"The stock market is a device for transferring money from the impatient to the patient." – Warren Buffett
In Bangladesh, the capital market often feels like a secret club. Outsiders hear mixed stories — tales of people who bought Grameenphone during its 2009 IPO and made a fortune, and tales of heartbreak from the 2011 crash when life savings were wiped out in months.
The truth? It’s neither magic nor pure gambling. It’s a marketplace — just like Gawsia or New Market — except here, people are buying and selling ownership in companies. And just like bargaining in a bazaar, if you don’t know the language, you’ll get lost… or worse, lose money.

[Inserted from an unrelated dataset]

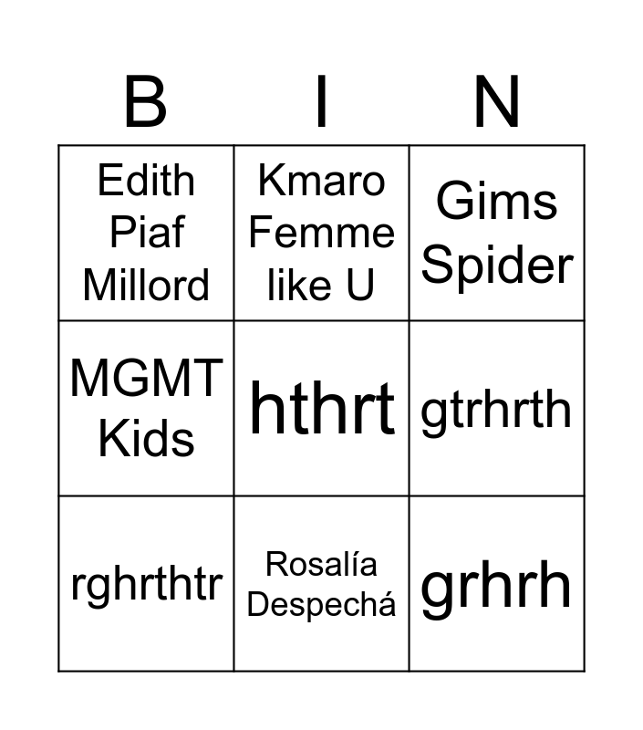 This bingo card has 18 words: Claude François Alexandrie Alexandra, Sean Paul Get Busy, Gims Spider, Edith Piaf Millord, Chic Le Freak, MGMT Kids, Booba N°10, Kmaro Femme like U, Rosalía Despechá, grhrh, rgrth, hthrt, bfthgtr, gtrhrth, rghrthtr, bfhrth, htrhrth and httrht.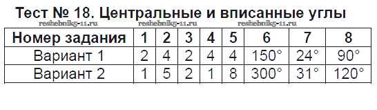 Готовая домашняя работа с ответами по Геометрии за 8 класс Рязановский, Мухин Контрольно-измерительные материалы (КИМ) Экзамен 2014 ФГОС - Тесты Тест №18. Центральные и вписанные углы

So today, let’s walk together through the streets of stock market, sip some tea with the old traders and investors, and learn the 19 fundamental terms that will help you speak the language of investing.
1. Capital Market – The Big Bazaar of Finance
The capital market is where money meets opportunity. In Bangladesh, it has two main parts:
Primary Market:
Companies raise money by selling new shares or bonds to the public for the first time.
Example: Robi Axiata Ltd. made its much-anticipated debut on the Dhaka and Chittagong Stock Exchanges on December 24, 2020, raising approximately Tk 523 crore by issuing 52.37 crore new shares at Tk 10 each.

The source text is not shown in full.